Summary The microtubule cytoskeleton supports cell-division, cellular morphology and intracellular cargo transport. While the centrosome is a major site of microtubule nucleation in dividing cells, many differentiated cells harbor acentrosomal microtubule arrays. Prominent examples include germline cells, plant epidermis, epithelia and neurons. To understand cellular differentiation, it is crucial to learn how acentrosomal array architecture is set up to achieve a specific pattern of polymer numbers, length and dynamics that would support specialized cellular functions, often throughout the life of an organism. My laboratory studies the patterning of acentrosomal microtubules and its effect on cargo transport in C. elegans. We developed imaging tools and algorithms that allow an unprecedented level of analysis of microtubule organization in vivo and are compatible with live-imaging of cargo transport. We conducted unbiased screens to uncover novel microtubule regulators and are using genetics, imaging, and biochemical methods to understand their mechanisms. In parallel, we are investigating the biological significance of microtubule array patterns by examining the effects of these regulators on long-range intracellular transport. This proposal details the establishment of our experimental system, design and implementation of the screen, and preliminary characterization of select regulators. It then outlines our main goals for the next five years: completing the screen and elucidating the mechanisms that establish acentrosomal array architecture. These studies will determine how steady-state array architecture emerges from the control of single polymer nucleation and dynamics and how it is adapted to the function of specialized cells. Microtubules support fundamental biological processes such as cell migration, polarization and cargo transport. Hence, our work will have a significant impact: It will identify novel regulators that arrange the building blocks of acentrosomal arrays and it will determine the mechanisms by which they pattern the cytoskeleton and regulate transport. The involvement of cytoskeletal defects in numerous disorders suggests that in the long-range, our studies will help to shed light on mechanisms of cellular dysfunction that occurs during disease.

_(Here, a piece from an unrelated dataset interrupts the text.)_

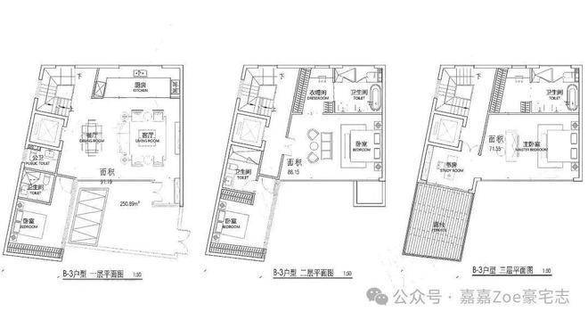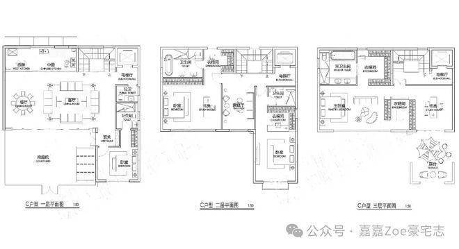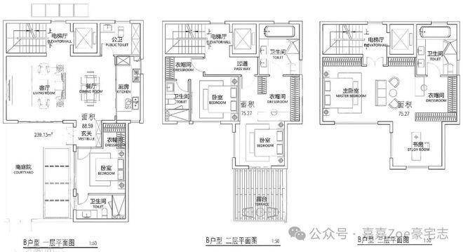 二楼双套房设计,三楼主人套房设计,开放式书房空间,通往露台。
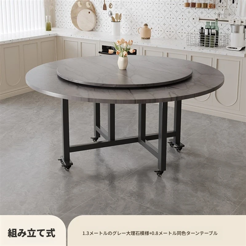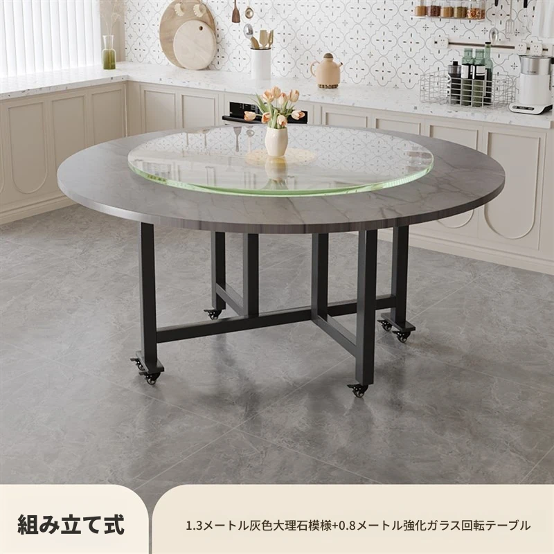 1.3メートル灰理石模様+0.8メートルガラス回転盤 組み立て式

摘要微管细胞骨架支持细胞分裂、细胞形态和细胞内货物运输。虽然中心体是分裂细胞中微管成核的主要部位，但许多分化的细胞无着丝体微管阵列。突出的例子包括生殖系细胞、植物表皮、上皮和神经元。要了解细胞分化，关键是要了解无着丝体阵列结构是如何设置的。以实现聚合物数量、长度和动态的特定模式，以支持专门的细胞功能，通常贯穿有机体的整个生命。我的实验室研究的是线虫无着丝体微管及其对货物运输的影响。我们开发了成像工具和允许对体内微管组织进行前所未有的分析的算法，并且是兼容的货物运输的实况成像。我们进行了无偏筛选以发现新的微管调节因子并正在使用遗传学、成像和生化方法来了解它们的机制。同时，我们正在通过检测微管阵列模式的影响来研究其生物学意义监管机构对远距离细胞内运输的监管。这项建议详细说明了建立我们的试验性系统的设计与实现，并初步表征了调整器的选择。然后它概述了我们未来五年的主要目标：完成筛选并阐明建立非均匀体阵列体系结构。这些研究将确定稳态阵列体系结构如何从单一聚合物成核和动力学的控制中出现，以及它如何适应特化细胞。微管支持基本的生物过程，如细胞迁移、极化和货物运输。因此，我们的工作将产生重大影响：它将确定安排无着丝体排列的构建块，它将决定它们形成模式的机制细胞骨架和调节运输。细胞骨架缺陷与多种疾病的关系表明从长远来看，我们的研究将有助于阐明细胞功能障碍的发生机制。在疾病期间。